BNFC / bnfc

BNF Converter
http://bnfc.digitalgrammars.com/
586 stars 165 forks source link

Keywords `token` and `layout` are apparently not compatible #372

Open MatthewDaggitt opened 3 years ago

MatthewDaggitt commented 3 years ago

When using the parser generated by the grammar fragment

position token TokLet      {"let"};
position token TokIn       {"in"};

ELet.       Expr  ::= TokLet "{" [Expr] "}" TokIn Expr;

layout "let";
layout stop "in";

to parse:

test =
  let y : Real
      y = f x ! 0
  in y

I get syntax error at line 2, column 8 before 'y'.

If instead I use the grammar:

ELet.       Expr  ::= "let" "{" [Expr] "}" "in" Expr;

layout "let";
layout stop "in";

then everything parses fine. The main problem with this is that I think(?) it means that I'm unable to get position information for the "let" and "in" tokens.

andreasabel commented 3 years ago

The BNFC philosophy is that tokens have some content you are interested in, whereas keywords like "let" have none.

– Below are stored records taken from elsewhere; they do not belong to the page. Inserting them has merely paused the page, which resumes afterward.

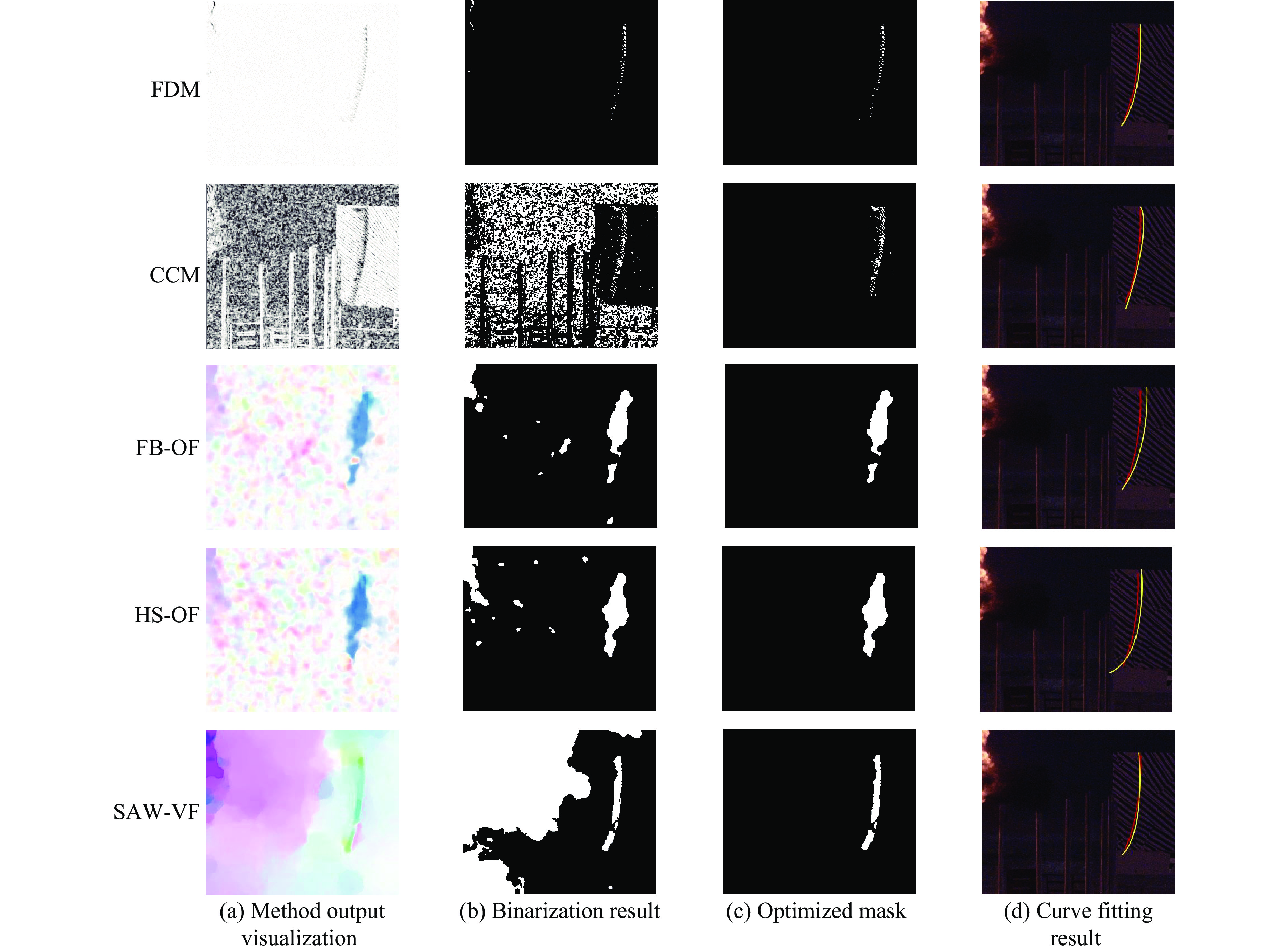 背景纹影(background-oriented schlieren,BOS)技术因其非接触与高时空分辨率的优势,已成为爆炸力学外场试验的重要测量手段,但受强光干扰、产物散射及冲击波信号微弱且形态复杂等因素影响,BOS图像中波阵面的自动精确提取十分困难。为此,提出了一种结构感知加权变分光流方法(structure-aware weighted variational optical flow,SAW-VF),用于对冲击波的高速瞬态位移场进行鲁棒量化,其核心是最小化一个针对性构建的能量泛函:首先,在数据保真项中融合一阶光度与二阶Hessian矩阵不变性约束,从而显著增强对冲击波线状局部几何特征的敏感性;其次,引入由归一化互相关(normalized cross-correlation,NCC)驱动的空间自适应加权机制,能够动态抑制严重畸变区域对估计结果的负面影响;然后,采用受佩罗娜-马利克(perona-malik)扩散启发的各向异性正则项,以有效保护冲击波锋锐的运动边界。为了以应对大位移运动,整个优化过程嵌入由粗至精的高斯金字塔框架中。在此基础上,进一步构建了物理模型驱动的波阵面拟合方法,通过最大内点集优化与冲击波动力学约束精确提取波阵面。最终,通过基于几何标定与时间序列估计冲击波半径及传播速度,结合兰金-雨贡纽(rankine-hugoniot)理论实现非接触式超压定量测量。在TNT爆炸试验中,该方法测量结果与压力传感器数据的相对误差为0.93%~9.85%,验证了其在冲击波非侵入式超压测量中的有效性与准确性。
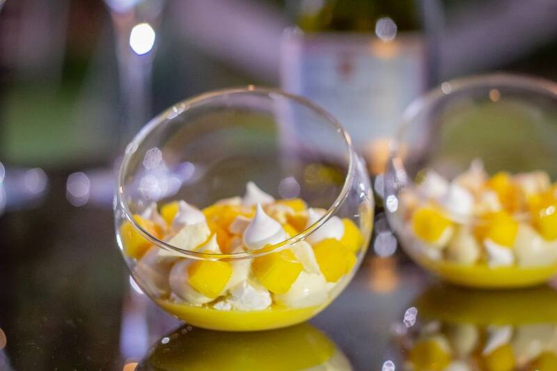 - Quebrar trozos irregulares del disco de merengue seco y distribuir dentro de los vasitos con la ganache de mango.
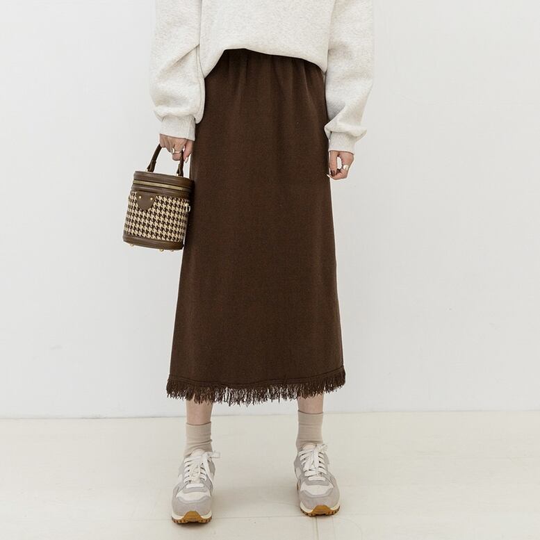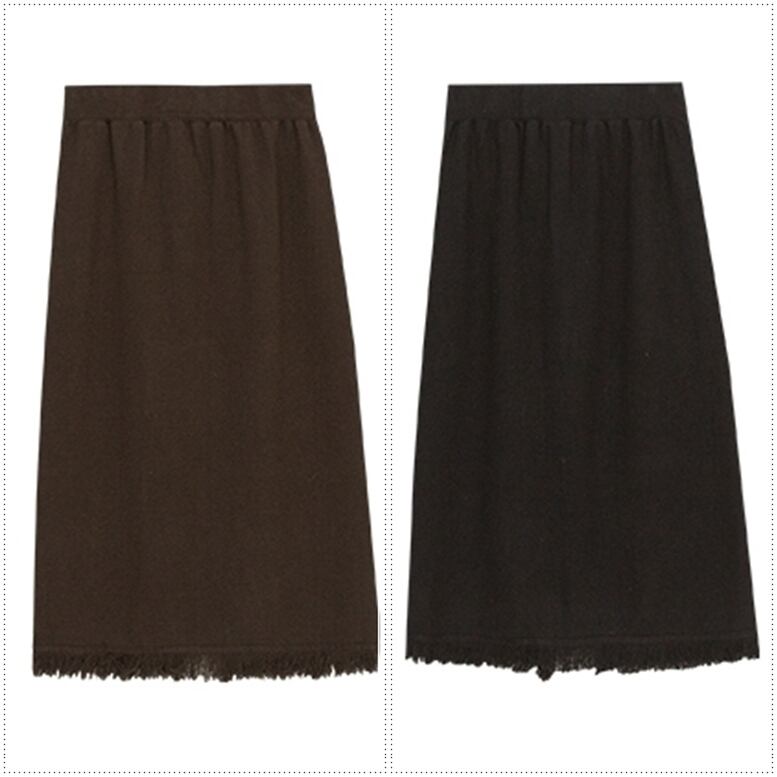 ロングスカート 裾フリンジロングニットペンシルスカート レディース スカート ニットスカート ペンシルスカート バックスリット ウエストゴム 裾フリンジ ニット ロング丈 ミモレ丈 ひざ下 茶色 黒 ブラウン ブラック ベージュ 大人可愛い きれいめ 上品 エレガント フォーマル ガーリー キュート 春 夏 秋 冬 二次会 オフィス OL 通勤 学生 通学 デート お出かけ パーティー イベント 女子会 休日 体型カバー 普段使い 定番 トレンド ゆったり インスタ映え ベイクドカラー アースカラー

So the latter are not represented in the AST, and consequently have no position information.

One could boost the layout mechanism by allowing also declared tokens as layout keywords, i.e.,

layout TokLet;
layout stop TokIn;

Beyond that, one could detect choice-less tokens such as TokLet and represent them as unit types in the AST...

In general, it would be nice to have BNFC produce a concrete syntax tree (CST) and a procedure to extract the AST from the CST. But this is a quite radical redesign.

MatthewDaggitt commented 3 years ago

Thanks for the reply @andreasabel. So, without making keywords such as let a token, what is the procedure to extract the location of the let expression in the source code for error reporting purposes whilst adhering to the BNFC philosophy? At the moment my main motivating example is trying to work around #371, i.e. throw a meaningful error with source code locations if the list of let bindings is empty.

However, I think I must be misunderstanding about how to go about extracting positions generally. For example, if one were implementing a language server one would need to get positions for parse errors to highlight the location where the parsing fell over. But the pX functions generated in the Par module return Either String a with the positions already converted to the String. Am I misunderstanding something or is it something that BNFC does not support?

andreasabel commented 3 years ago

But the pX functions generated in the Par module return Either String a with the positions already converted to the String.

I think the error reporting API also needs a overhaul. The error location shouldn't be mangled into the error message.

In general, BNFC in its present state should be thought of as a wizard generating a parser and printer for prototyping rather than professional use. In the worst case, you can get a happy parser from BNFC that sort of does the thing and then hand-edit it to your satisfaction.

That said, in general I am looking to make BNFC more professional without breaking backwards-compatibility if possible, so a better API to the parser and better position information in the syntax tree are definitely a way to go forward.

andreasabel commented 3 years ago

One could boost the layout mechanism by allowing also declared tokens as layout keywords, i.e.,

layout TokLet;
layout stop TokIn;

I am getting doubts whether this would be a common use case or just feature bloat. It seems that the OP wants something like that only for getting position information, but providing more position information should rather be addressed more systematically.

wenkokke commented 3 years ago

Perhaps a BNFC flag which adds the full range of input tokens parsed to create this node to each CST node?

andreasabel commented 3 years ago

Perhaps a BNFC flag which adds the full range of input tokens parsed to create this node to each CST node?

Atm, we do not produce CSTs. We currently only attach the starting position to each node (with --functor).

I understand your proposal in this way: instead of just attaching a single position to each node, attach a list of start positions of each production item (be it terminal or nonterminal). E.g., a node for

ELet.  Expr ::= "let" Bind "in" Expr;

would look like

ELet :: [Position] -> Bind -> Expr -> Expr

example = ELet [posLet, posBind, posIn, posExpr] bind expr

This could be happening under a flag that addresses the parser.

wenkokke commented 3 years ago

More or less, though instead of only providing the first position of each token it'd be better to provide the entire range, either as a pair of Position or using Data.Range.

The reason is that you don't know the length of every token, so this information is difficult to reconstruct.

MatthewDaggitt commented 3 years ago

That would certainly address our current problems. I can't help but wonder though if it's a bit hacky though, for example you would have to pattern match on the list and there's no static guarantee that it would have the right number of elements. I guess it could be made a tuple of the correct arity rather than a list... I don't know, offering the full CST seems like a much more principled way to go, although I realise it's a lot more effort.